ツールバーで。フリーハンド選択ツールを選択し、マウスの左ボタンを押したままにして傷の輪郭を描きます。傷口に沿って描きながら。

analyze の下の measure オプションをクリックして、創傷の代表的な結果の領域を表示します。フィンの切断は、切断後36時間にわたって部分的な再生につながります。ヒレの面積測定は、ヒレの切断が切断後約14時間までヒレ組織の減少を引き起こすことを示しており、これはおそらく細胞死によるもので、その後に細い再生長が続きます。

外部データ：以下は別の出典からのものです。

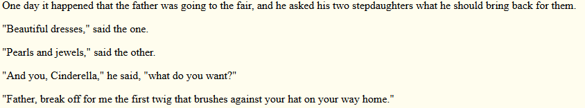 Think about Cinderella, right, who is told to dust and clean, but then a magical woman gives her a Carriage which takes her to the castle, cause that’s where she needs to be. She loses a slipper and prince charming compares foot sizes, cause that’s an interesting thing for him to do, it doesn’t need to be logical, or make sense for the character. His eyesight is 20-20, and saw her face, but the story wants the guy to compare feet, and so he does.
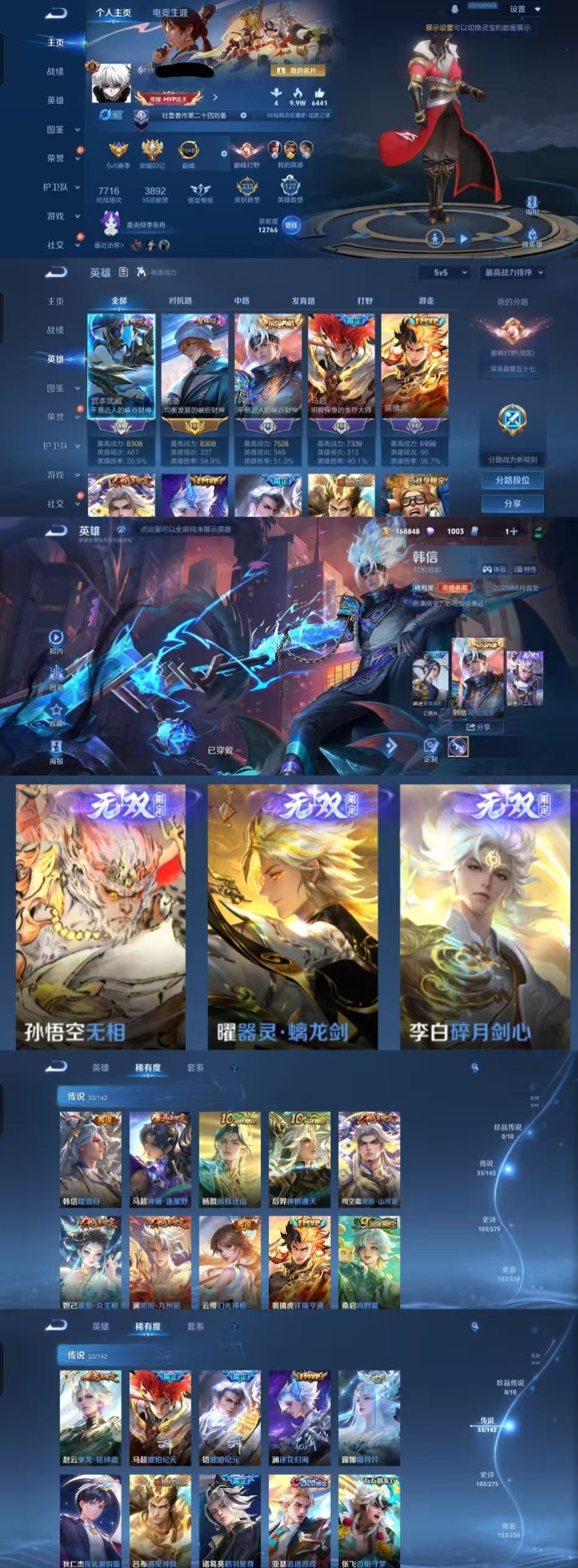 【非沄直接上号】极品V10★三历史国标★430皮★六典藏★诸葛亮新典藏★虎年五限定★鸣剑戈影★活力突击️★多限定

切断されたヒレと再生されたヒレを比較すると、36時間以内にヒレの長さが2.48倍に増加していることがわかります。切断は、最初に、切断創から押し出されたフィンフォールドセルに存在するアクチンミオシンケーブルを介した収縮を特徴とする巾着効果を引き起こし、その後クリアされます。最初は体長が長くなりますが、ヒレは再生しません。

初期段階で。切断後約14時間で、ヒレは近位から遠位の位置に成長し始めます。要約すると、私たちの結果は、切断が創傷収縮を引き起こし、細胞の押し出しを促進するために不可欠である可能性があることを示しています。

プロセスが完了すると、フィンの再生が始まります。発達ヒレの成長が起こっているようです。このプロセスとは無関係に、生きたゼブラフィッシュの幼生を用いて組織修復のダイナミックな過程を観察できる方法を提示しました。

この手順では、結果を最適化するためにテストした特定の側面が必要です。提示されたイメージング方法の明らかな利点は、CCDカメラとTimeLapseソフトウェアを装備した任意の実体顕微鏡に容易に適応できることです。また、より高価な共焦点イメージングシステムに代わる低コストの代替品を提供します。

この方法は蛍光や細胞検出を使用しませんが、シャッター制御の自動化システムとイメージング後のデコンボリューションソフトウェアを利用して、創傷の修復と再生のプロセスを細胞内分解能でさらに観察することで、そのようなアプリケーションに拡張できます。この方法により、学生は基本的な生物学的プロセス、基礎となる組織の修復と再生について理解を深めることができます。光学的な透明度と、胚性および幼生のゼブラフィッシュの使用の容易さ、およびあらゆる実体顕微鏡へのシステムの適応性により、教室で基本的な椎骨生物学を教えるのに適しています。